*** Opening Information shown ***
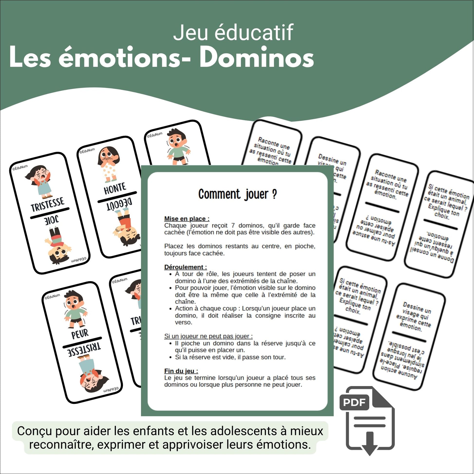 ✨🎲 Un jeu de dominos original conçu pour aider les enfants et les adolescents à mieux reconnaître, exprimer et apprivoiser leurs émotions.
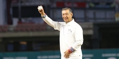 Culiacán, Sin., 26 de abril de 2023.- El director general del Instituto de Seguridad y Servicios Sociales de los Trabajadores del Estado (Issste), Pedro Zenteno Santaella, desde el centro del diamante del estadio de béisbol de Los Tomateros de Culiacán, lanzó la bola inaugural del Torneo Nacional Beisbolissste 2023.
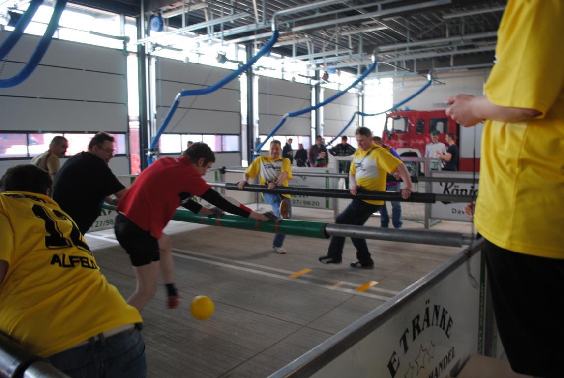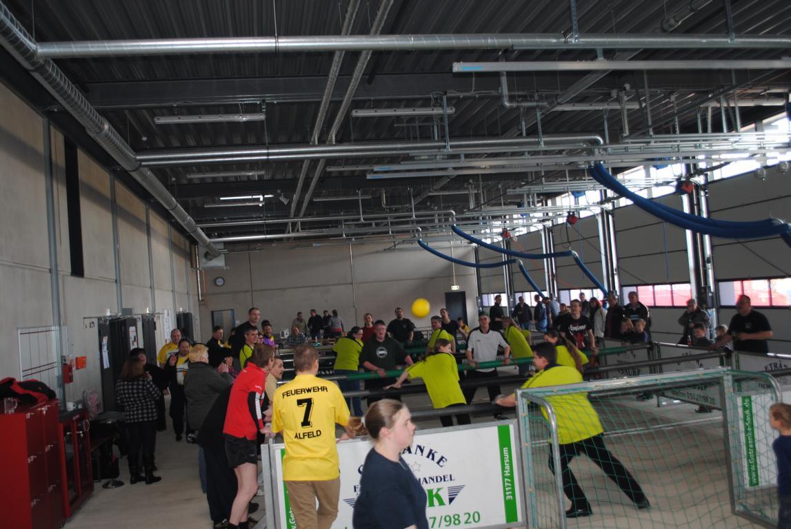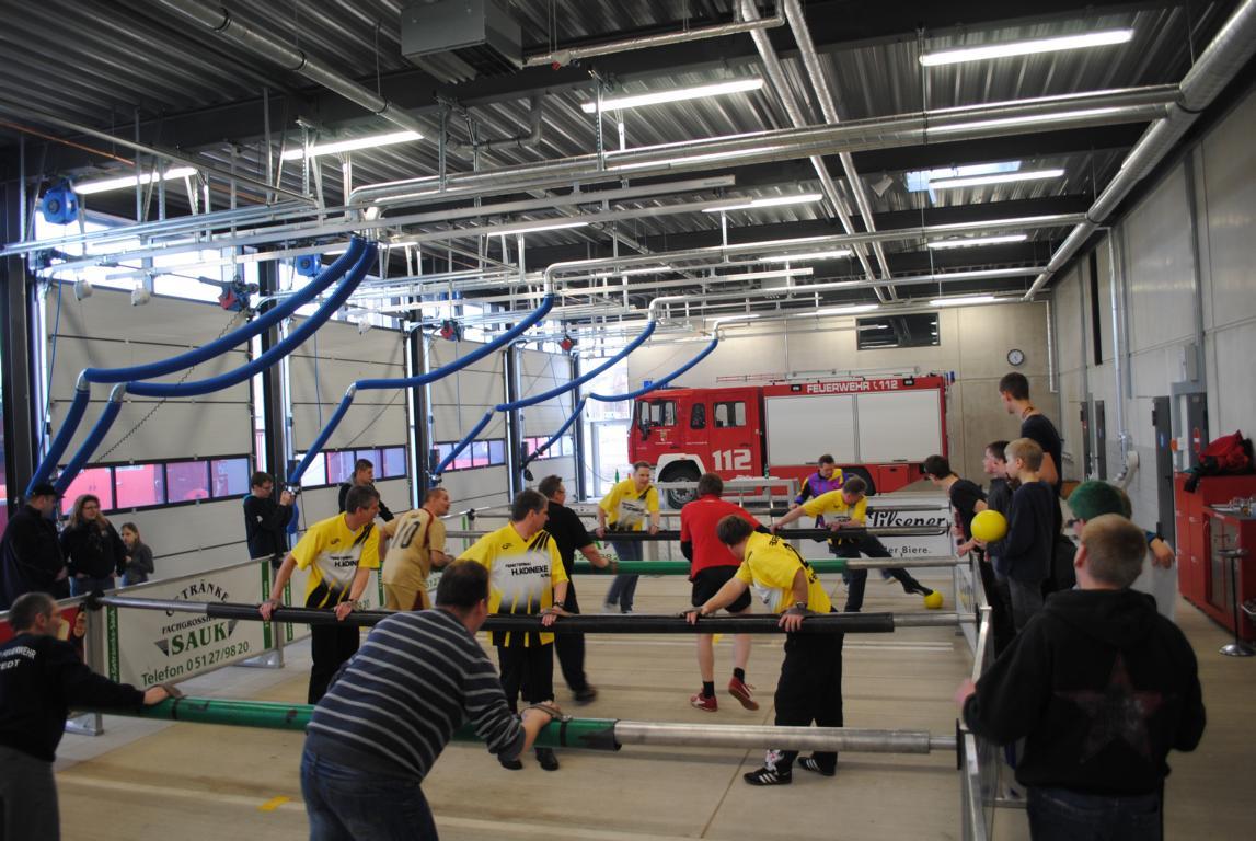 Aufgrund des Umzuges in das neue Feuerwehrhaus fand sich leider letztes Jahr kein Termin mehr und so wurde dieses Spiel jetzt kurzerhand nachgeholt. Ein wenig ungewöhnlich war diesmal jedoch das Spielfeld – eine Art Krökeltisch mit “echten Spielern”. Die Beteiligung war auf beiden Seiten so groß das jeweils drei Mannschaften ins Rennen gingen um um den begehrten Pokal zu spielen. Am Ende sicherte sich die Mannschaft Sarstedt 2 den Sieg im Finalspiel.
*** Closing Information shown ***
▸ What this task involves:
Output only the lines from the line that contains "Culiacán, Sin., 26" through the end of the material, both ends included, and skip every picture.

▸ Exercise solution:
 Culiacán, Sin., 26 de abril de 2023.- El director general del Instituto de Seguridad y Servicios Sociales de los Trabajadores del Estado (Issste), Pedro Zenteno Santaella, desde el centro del diamante del estadio de béisbol de Los Tomateros de Culiacán, lanzó la bola inaugural del Torneo Nacional Beisbolissste 2023.
 Aufgrund des Umzuges in das neue Feuerwehrhaus fand sich leider letztes Jahr kein Termin mehr und so wurde dieses Spiel jetzt kurzerhand nachgeholt. Ein wenig ungewöhnlich war diesmal jedoch das Spielfeld – eine Art Krökeltisch mit “echten Spielern”. Die Beteiligung war auf beiden Seiten so groß das jeweils drei Mannschaften ins Rennen gingen um um den begehrten Pokal zu spielen. Am Ende sicherte sich die Mannschaft Sarstedt 2 den Sieg im Finalspiel.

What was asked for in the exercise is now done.